De vrouw is van mening dat de rechtbank alle belangen heeft afgewogen en gerechtvaardigd tot de conclusie is gekomen dat het belang van de vrouw en de kinderen bij de verhuizing zwaarder dient te wegen.
De vrouw benadrukt dat de man al negen jaar werkloos is en al tweeëneenhalf jaar geen vaste verblijfplaats heeft. Ten tijde van het indienen van het verweerschrift in hoger beroep had de man nog steeds geen woning. De man kampt voorts met veel problemen van verschillende aard. De in het ouderschapsplan neergelegde zorgregeling is nooit uitgevoerd. De vrouw acht die zorgregeling niet (langer) in het belang van de kinderen en het is dan ook geen gegeven dat deze regeling zou herleven als de man wel een woning heeft. De vrouw merkt voorts op dat partijen al tijdens het huwelijk hebben gesproken over een verhuizing naar [D] .

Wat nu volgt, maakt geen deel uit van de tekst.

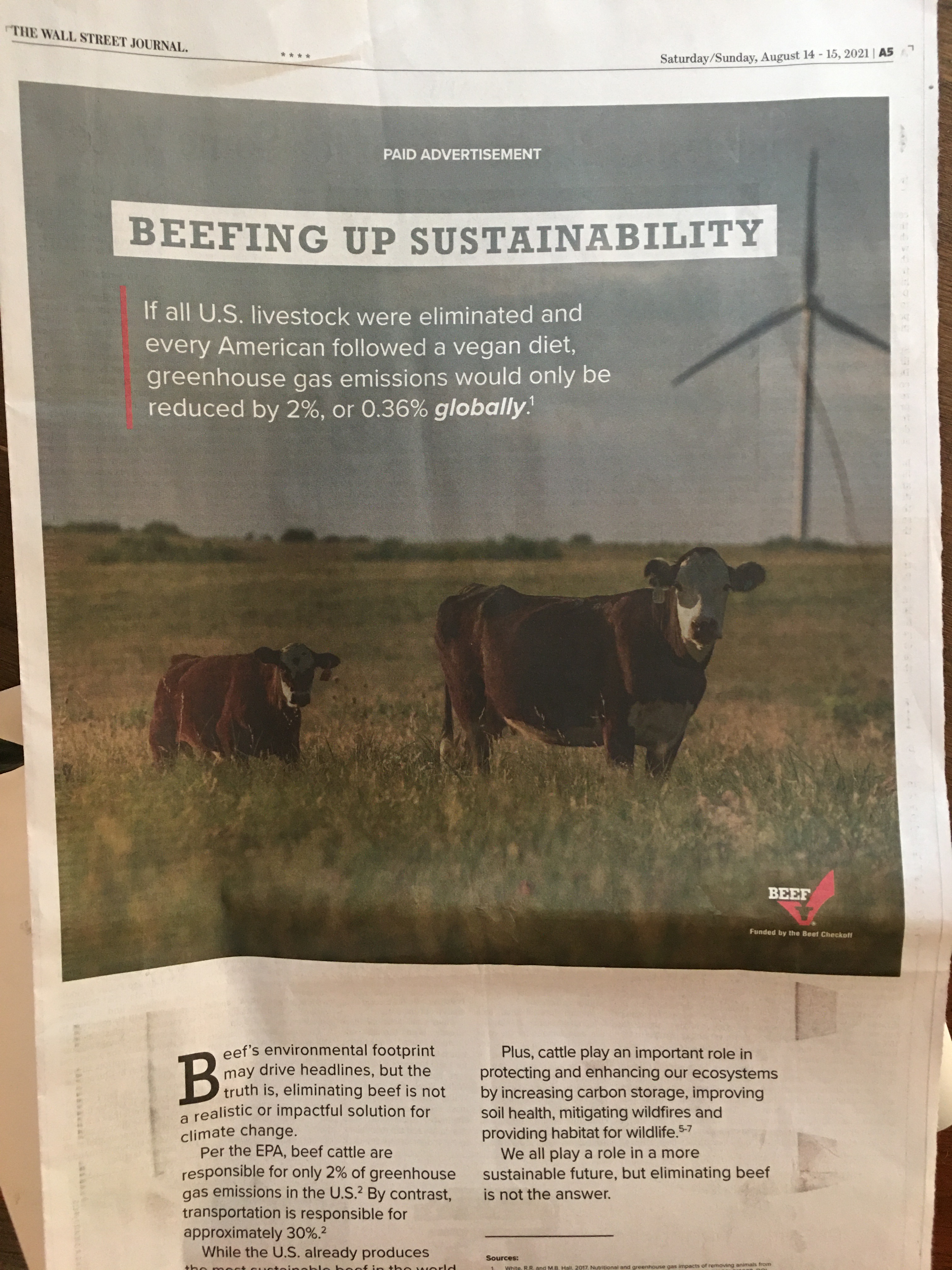 - Most of the corn and soybeans grown in the US feed livestock which greatly contributes to the environmental damage causing climate change. A few days ago (August 14, 2020), a full page ad was placed on page A5 in the Wall Street Journal that claimed “if all US livestock were eliminated and every American followed a vegan diet, greenhouse gas omissions would only be reduced by 2%, or .36% globally,” which is absolutely not true.

Volgens de vrouw bestond er wel degelijk een financiële noodzaak om te verhuizen. De man betaalt geen bijdrage in de kosten van de kinderen. Zij ontvangt een ziektewetuitkering en haar lasten in de [streek] waren te hoog. Zij was afhankelijk van haar ouders en vrienden om rond te komen. De huidige lasten van de vrouw zijn aanzienlijk lager. Zij heeft nu recht op huurtoeslag. De moeder van de vrouw kan voorts financieel niet meer bijspringen nu de vader van de vrouw onlangs is overleden.
De vrouw heeft de verhuizing en de schoolkeuze van de kinderen voorts zeer goed doordacht. Zij heeft contacten met de school gelegd en informatie opgedaan over de hulpverlening en de wijziging van de instantie die de ondertoezichtstelling over de kinderen uitvoert. De vrouw betwist dat de woning gezondheidsrisico’s voor de kinderen meebrengt.
De man werkt niet mee aan een overdracht omdat hij van mening is dat de huidige hulpverlener betrokken moet blijven. De huidige hulpverlening voor [kind A] is echter afgerond en er moet vervolghulpverlening worden ingezet waardoor een wijziging van therapeut in ieder geval aan de orde is.
De vrouw is voorts van mening dat de verhuizing in het belang van de kinderen is. Het gaat goed met de kinderen in hun nieuwe omgeving. Zelfs [kind A] , die aanvankelijk niet blij was met de verhuizing, heeft het erg naar zijn zin. Daarnaast had de vrouw geen netwerk in de [streek] en zij heeft dit nu wel.
De vrouw betwist dat zij het contact tussen de man en de kinderen zou frustreren. Zij wil wel dat de kinderen weten waar zij aan toe zijn. De man komt ondanks afspraken vaak niet opdagen, hij neemt niet alle kinderen mee of brengt ze eerder terug, waardoor de gezinsvoogd heeft voorgesteld het contact te reduceren tot één dag per maand.
De vrouw heeft hier ter zitting in hoger beroep het volgende aan toegevoegd. Het gaat goed met haar sinds de verhuizing, zij is financieel zelfstandig, hetgeen een last van haar schouders heeft gehaald. Zij heeft van de kinderen gehoord dat de man nu een woning heeft, maar zij heeft deze niet gezien. Zij betwist bij gebrek aan wetenschap dat de man een woning heeft. Als de man wel over een woning zou beschikken dan kan er naar een zorgregeling van een weekend in de veertien dagen worden toegewerkt. Zij is voorts van mening dat het niet in het belang van de kinderen is terug te verhuizen naar de [streek] . Zij zijn gesetteld in hun nieuwe omgeving en hebben het naar hun zin. Zij heeft ook geen woning meer in de [streek] en een terugverhuizing zou veel onrust en onzekerheid meebrengen.